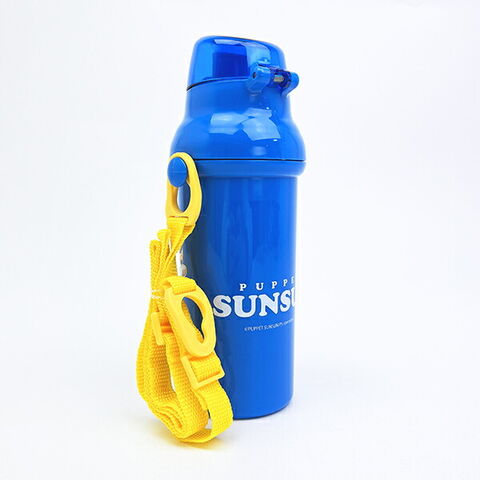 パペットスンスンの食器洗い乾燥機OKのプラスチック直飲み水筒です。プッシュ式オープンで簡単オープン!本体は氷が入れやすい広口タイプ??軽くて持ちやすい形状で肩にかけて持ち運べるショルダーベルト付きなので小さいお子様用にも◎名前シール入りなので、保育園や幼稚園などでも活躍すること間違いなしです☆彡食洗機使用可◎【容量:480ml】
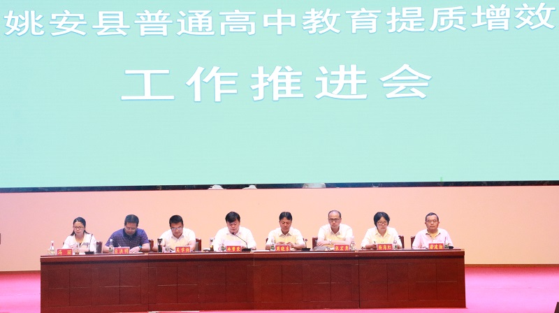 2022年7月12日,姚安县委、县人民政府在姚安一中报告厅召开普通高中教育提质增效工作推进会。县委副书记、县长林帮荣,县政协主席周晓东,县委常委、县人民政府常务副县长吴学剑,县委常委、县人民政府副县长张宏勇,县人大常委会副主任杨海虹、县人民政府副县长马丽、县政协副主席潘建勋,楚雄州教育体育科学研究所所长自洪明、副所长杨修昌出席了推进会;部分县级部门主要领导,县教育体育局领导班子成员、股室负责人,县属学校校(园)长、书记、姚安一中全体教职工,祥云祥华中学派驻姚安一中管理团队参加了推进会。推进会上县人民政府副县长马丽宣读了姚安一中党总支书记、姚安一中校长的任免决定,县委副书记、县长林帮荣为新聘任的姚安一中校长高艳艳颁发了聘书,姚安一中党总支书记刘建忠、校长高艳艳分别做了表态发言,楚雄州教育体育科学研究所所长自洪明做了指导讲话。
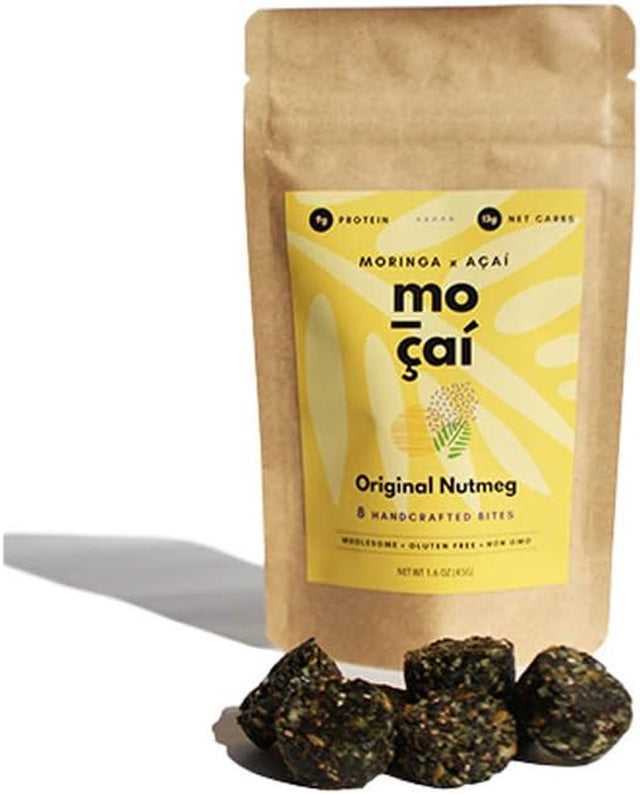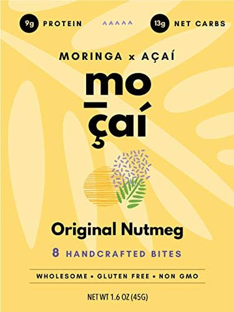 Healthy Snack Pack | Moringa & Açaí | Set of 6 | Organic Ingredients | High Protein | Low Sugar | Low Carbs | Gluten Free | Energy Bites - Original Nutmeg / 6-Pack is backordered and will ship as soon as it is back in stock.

━━━━

**PROMPT**.
What is needed is an exact copy of the lines from the line with "2022年7月12日,姚安县" to the end of the data above, both included, without any pictures.

**ANSWER SPACE**.
 2022年7月12日,姚安县委、县人民政府在姚安一中报告厅召开普通高中教育提质增效工作推进会。县委副书记、县长林帮荣,县政协主席周晓东,县委常委、县人民政府常务副县长吴学剑,县委常委、县人民政府副县长张宏勇,县人大常委会副主任杨海虹、县人民政府副县长马丽、县政协副主席潘建勋,楚雄州教育体育科学研究所所长自洪明、副所长杨修昌出席了推进会;部分县级部门主要领导,县教育体育局领导班子成员、股室负责人,县属学校校(园)长、书记、姚安一中全体教职工,祥云祥华中学派驻姚安一中管理团队参加了推进会。推进会上县人民政府副县长马丽宣读了姚安一中党总支书记、姚安一中校长的任免决定,县委副书记、县长林帮荣为新聘任的姚安一中校长高艳艳颁发了聘书,姚安一中党总支书记刘建忠、校长高艳艳分别做了表态发言,楚雄州教育体育科学研究所所长自洪明做了指导讲话。
 Healthy Snack Pack | Moringa & Açaí | Set of 6 | Organic Ingredients | High Protein | Low Sugar | Low Carbs | Gluten Free | Energy Bites - Original Nutmeg / 6-Pack is backordered and will ship as soon as it is back in stock.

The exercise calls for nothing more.